Autor Wątek: Przypon końcowy - haczyk z włosem czy bez?  (Przeczytany 34762 razy)

Offline Luk

  • Administrator
  • Ekspert
  • *****
  • Wiadomości: 22 563
  • Reputacja: 1978
  • Płeć: Mężczyzna
  • Wędkarstwo rządzi!
  • Lokalizacja: Newark
Odp: Przypon końcowy - haczyk z włosem czy bez?
« Odpowiedź #45 dnia: 01.11.2020, 09:08 »
Są podstawowe różnice w podejściu. Przede wszystkim trzeba rozróżnić łowienie na dendrobenę spławikiem a to z zastosowaniem jej na włosie. W pierwszym przypadku łowi się zazwyczaj na część dżdżownicy, głowę lub ogon, nęci zaś siekaną dendrobeną podaną z zanętą. Łowi się tak wszystko, ale przede wszystkim płoć i leszcza, ale tego mniejszego. Dendrobena na włosie natomiast to celowanie w większą rybę, przede wszystkim leszcza, i tu najlepiej działa to przy łowieniu feederem.
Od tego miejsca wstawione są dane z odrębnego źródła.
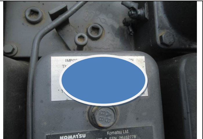
44 Excavator view

Jeżeli chcemy łowić okonia, to wtedy lepiej jest używać zestawu spławikowego. Okoń reaguje na ruch przynęty, więc podnoszenie zestawu doskonale prowokuje pasiaki. A celując w dużego okonia, powiększyłbym dendrobenę nabijając na sam hak.

Pamiętajmy też, że można użyć dendrobeny na włosie z push stopem zakładanej na 'kababa'. Tutaj na włos nabijamy kilka odcinków dendrobeny. Ten zestaw może być bardzo skuteczny na wszelkiego rodzaju większe ryby, Dai Gribble tak łowi spore kabany (karpie).